Agnese fu sepolta in un cimitero ipogeo già esistente, che le fonti antiche affermano essere di proprietà della famiglia della martire, e collocato nei pressi di un possedimento imperiale. Dallo studio delle fonti epigrafiche e dalla tipologia di sepoltura si deduce che questo cimitero risale alla seconda metà del III secolo e corrisponde alla prima regione dell'intero complesso sotterraneo. Sopra questa catacomba fu edificata in memoria della martire una edicola, al tempo del papa Liberio (352-366), trasformata da papa Simmaco (498-514) in una basilichetta, ed infine completamente rifatta e trasformata nell'attuale basilica da papa Onorio I nella prima metà del VII secolo: l'edificazione della basilica onoriana comportarono tagli e distruzioni della sottostante catacomba.
Nel corso del IV secolo, al primitivo nucleo cimiteriale, se ne aggiunsero altri, che oggi corrispondono alle altre tre regioni. In particolare, il terreno subdiale sopra la quarta regione fu espropriato dall'imperatore Costantino che vi edificò la prima basilica dedicata alla martire Agnese (oggi ridotta a ruderi) ed il mausoleo di Costantina, ove poi saranno sepolte le figlie dell'imperatore, Costantina appunto ed Elena.
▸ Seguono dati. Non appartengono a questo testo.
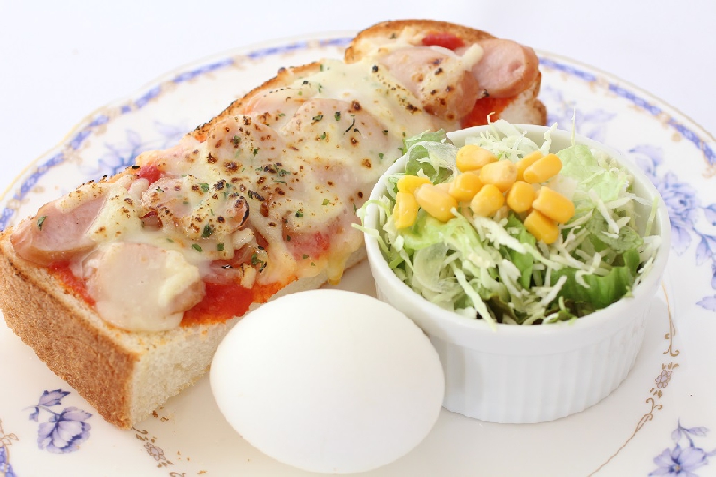 ・ピザトースト・ボイルドエッグ・ミニサラダ
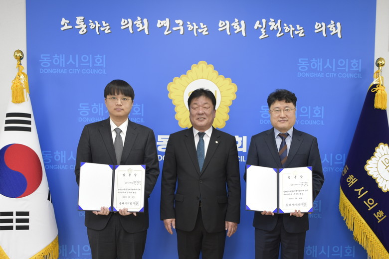 [동해시 세계타임즈=김민석 기자] 동해시의회(의장 이동호)는 20일, 의회 의장실에서 2023년 동해시의회 정책지원관 경력채용시험에 최종 합격한 2명에게 임용장을 수여했다.

Scavi condotti negli anni settanta del XX secolo hanno dimostrato che il sopraterra della quarta regione era occupato da una necropoli pagana risalente alla metà del II secolo, distrutta per la costruzione della basilica costantiniana: la stessa cosa era avvenuta sul colle Vaticano quando, per la costruzione della basilica di san Pietro, l'imperatore Costantino ordinò la distruzione e l'interramento della precedente necropoli.
L'intero complesso catacombale fu in seguito abbandonato e dimenticato. Venne riscoperto ed esplorato all'inizio del XVI secolo da un frate domenicano, Onofrio Panvinio. Divenne poi oggetto di studio di Antonio Bosio nella sua Roma sotterranea (1632), il quale però la confuse con il vicino Coemeterium maius, collegato alla nostra catacomba da un antico arenario. Nel corso del Settecento la catacomba di sant'Agnese, e soprattutto la seconda regione, fu gravemente danneggiata dai cosiddetti corpisantari, cercatori di reliquie e tesori. Su incarico di Giovanni Battista de Rossi, nella seconda metà del XIX secolo Mariano Armellini operò una serie di scavi del cimitero ipogeo, riportando alla luce, in buono stato di conservazione, alcune sue parti: dobbiamo all'Armellini la distinzione della catacomba in quattro regioni. All'inizio del Novecento il sacerdote Augusto Bacci, su incarico del cardinale titolare della basilica, fece una campagna di scavi, fondamentale per la ricostruzione storico-topografica della memoria di sant'Agnese e della prima regione. Infine negli anni 1971-72 il sacerdote Umberto Maria Fasola studiò la quarta regione, giungendo alle conclusioni di cui si è già fatto cenno sopra.